ABOUT THIS EXERCISE:
Reproduce exactly the span of lines beginning at the one with "FASSI CRANE1F50A.22use and" and ending at the last line of the data below, omitting pictures.

(Source data)
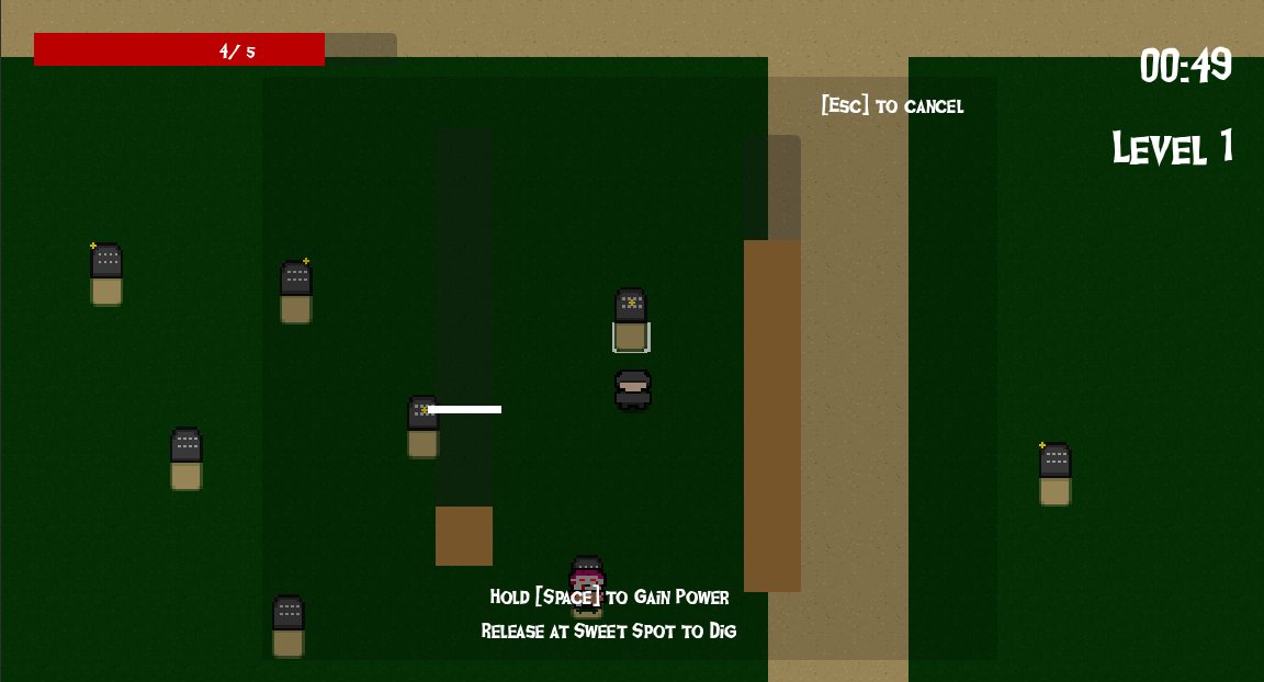 You play as Rob, a graverobber who is seeking wealth beyond his wildest dreams. Your goal is to raid graveyards, dig deep into the many graves, grab as much treasure as possible from the graveyard and escape through the north, south, east, or west exits before the timer runs out. If the timer runs out before you escape, the police will arrive and arrest you, confiscating all your treasure. You must then restart from square one, with no money, skills, or treasure. You must also fight off hordes of zombies who are looking to bring you into their ranks. Being slain by zombies or caught by the police means you will have to restart from the very beginning! However, each time you escape, you may use your money to upgrade certain skills which will aid you in future runs. And of course, the game gets more difficult with each level you reach. Good luck, and happy hunting!
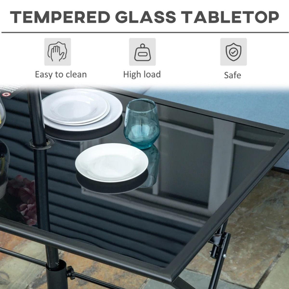 Folding Rectangle Tempered Glass Top Dining Table with Parasol Hole - Black
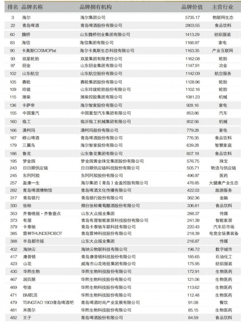 在山东的40个上榜品牌中,有22个来自青岛,占了一半之多,并呈现出集群化的特点。其中,海尔集团旗下有10个品牌入选,包含海尔、卡奥斯、卡萨帝、三翼鸟、日日顺供应链、盈康一生、有屋、卡泰驰、雷神以及海纳云;青啤有4个品牌上榜,包括青岛啤酒、崂山啤酒、TSINGTAO 1903以及王子;其他企业如海信、双星轮胎、赛轮等企业均有1个品牌上榜。上榜的青岛品牌展现了当地企业将工业基因与数字技术融合的实践,如海尔构建的“大企业共建、中小企业共享”生态、以及通过AI赋能智慧美好生活;青啤创新市场运营模式,加快新商业、新零售业务拓展。这些都为产业转型升级提供了新思路,产业基础雄厚、政策精准赋能、企业创新突围,三者协同发力让青岛品牌经济持续繁荣。
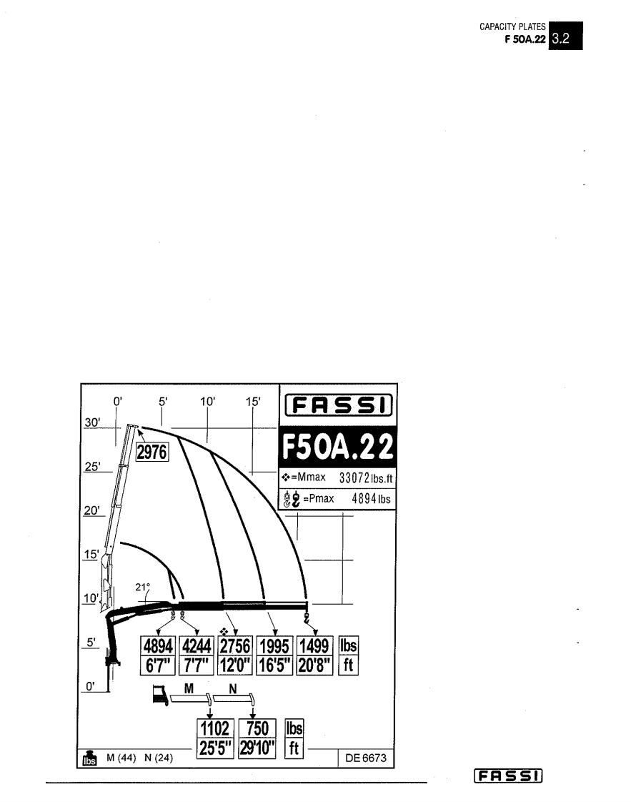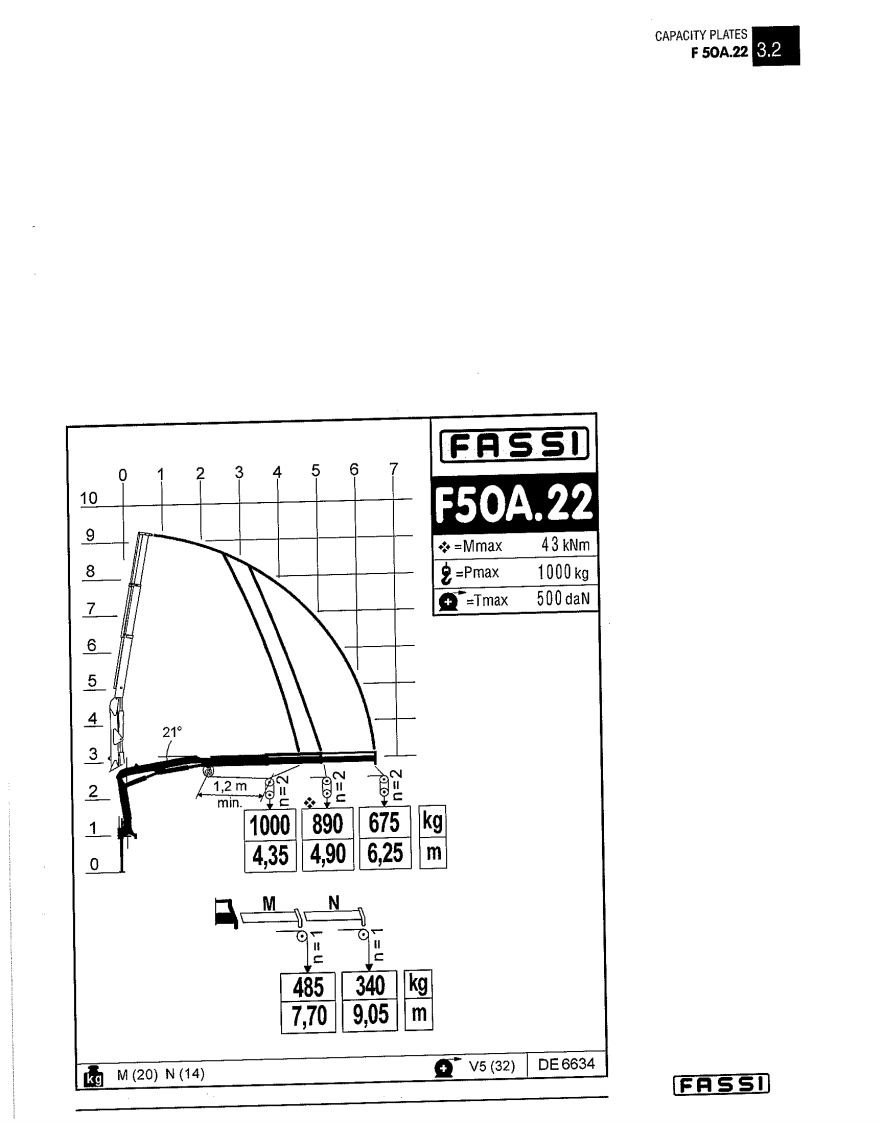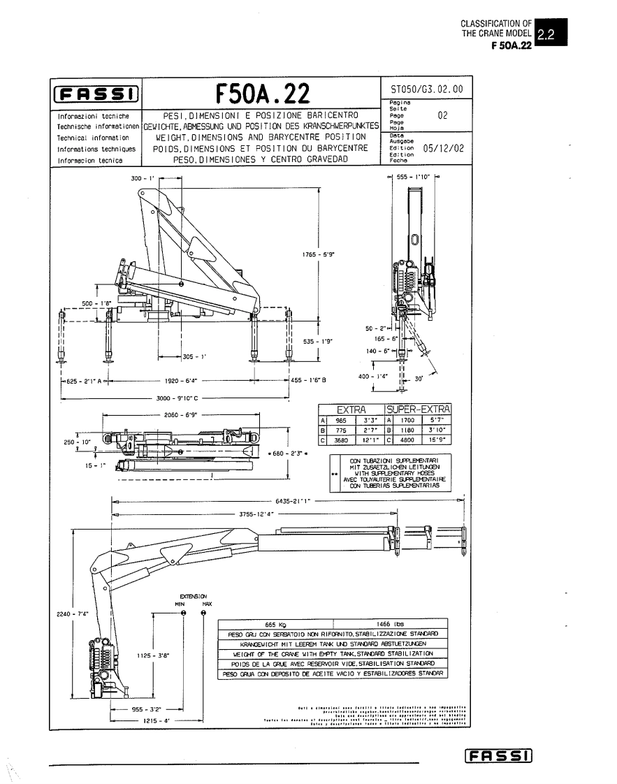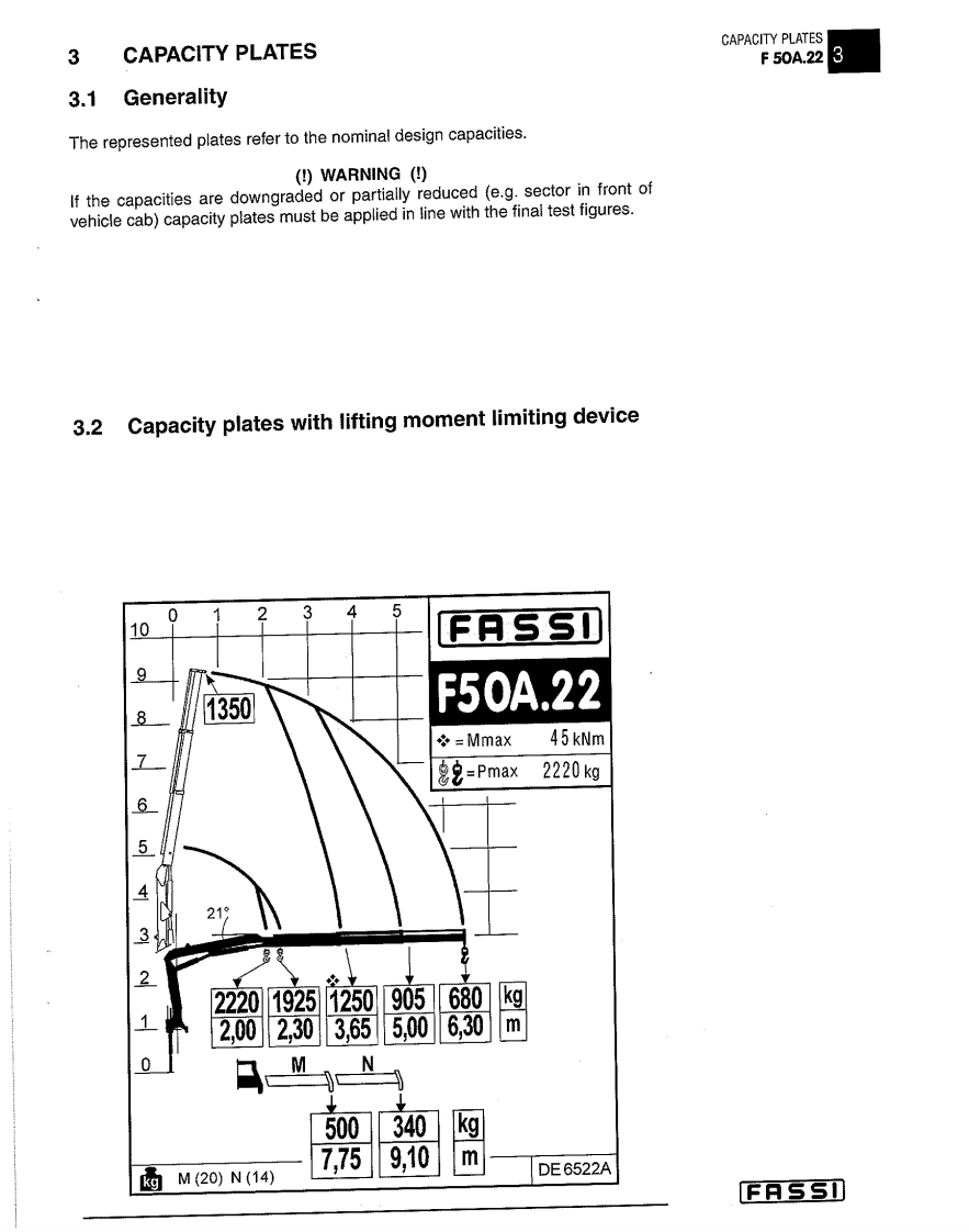 FASSI CRANE1F50A.22use and maintenanceFROM SERIAL NUMBER *5001*INDEX1INTRODUCTION2CLASSIFICATION OF THE CRANE MODEL2.1Generality2.2Hydraulic jibs(not available)2.3Technical data3CAPACITY PLATES3.1Generality3.2Capacity plates with lifting moment limiting device(optional)3.3Capacity plates with load limiting device41HYDRAULIC SCHEMATICS (version with lifting moment limiting device)(if fitted)HYDRAULIC SCHEMATICS (version with load limiting device)5ELECTRIC SCHEMATICS6SAFETY NORMSWARNING AND INSTRUCTIONS7.1GeneralityBefore operating3During operation7.4At the end of the operation (Prior to driving the vehicle)7.5Residual risksIDENTIFICATION OF THE CRANE MODEL8.1Generality8.2Crane markCRANE NOMENCLATURE9.1Version with ground controls for crane and outriggers10NOMENCLATURE OF THE SAFETY AND PROTECTION DEVICES10.1Version with ground controls for crane and outriggers11SUPPLEMENTARY BEAMS11.1Generality11.2Identification of the supplementary beams12TILTABLE OUTRIGGER RAMS12.1Manually tiltable outrigger ramsMANOEUVRES AND CONTROLS TO STABILIZE THE VEHICLE13.1GeneralityFRSSIEdition ExtraCE 28.04.2006.
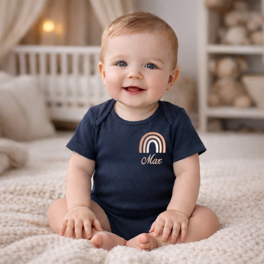 Na levé straně je výšivka duhy/medvídka se jménem Vašeho dítěte.

YOUR RESPONSE:
 FASSI CRANE1F50A.22use and maintenanceFROM SERIAL NUMBER *5001*INDEX1INTRODUCTION2CLASSIFICATION OF THE CRANE MODEL2.1Generality2.2Hydraulic jibs(not available)2.3Technical data3CAPACITY PLATES3.1Generality3.2Capacity plates with lifting moment limiting device(optional)3.3Capacity plates with load limiting device41HYDRAULIC SCHEMATICS (version with lifting moment limiting device)(if fitted)HYDRAULIC SCHEMATICS (version with load limiting device)5ELECTRIC SCHEMATICS6SAFETY NORMSWARNING AND INSTRUCTIONS7.1GeneralityBefore operating3During operation7.4At the end of the operation (Prior to driving the vehicle)7.5Residual risksIDENTIFICATION OF THE CRANE MODEL8.1Generality8.2Crane markCRANE NOMENCLATURE9.1Version with ground controls for crane and outriggers10NOMENCLATURE OF THE SAFETY AND PROTECTION DEVICES10.1Version with ground controls for crane and outriggers11SUPPLEMENTARY BEAMS11.1Generality11.2Identification of the supplementary beams12TILTABLE OUTRIGGER RAMS12.1Manually tiltable outrigger ramsMANOEUVRES AND CONTROLS TO STABILIZE THE VEHICLE13.1GeneralityFRSSIEdition ExtraCE 28.04.2006.
 Na levé straně je výšivka duhy/medvídka se jménem Vašeho dítěte.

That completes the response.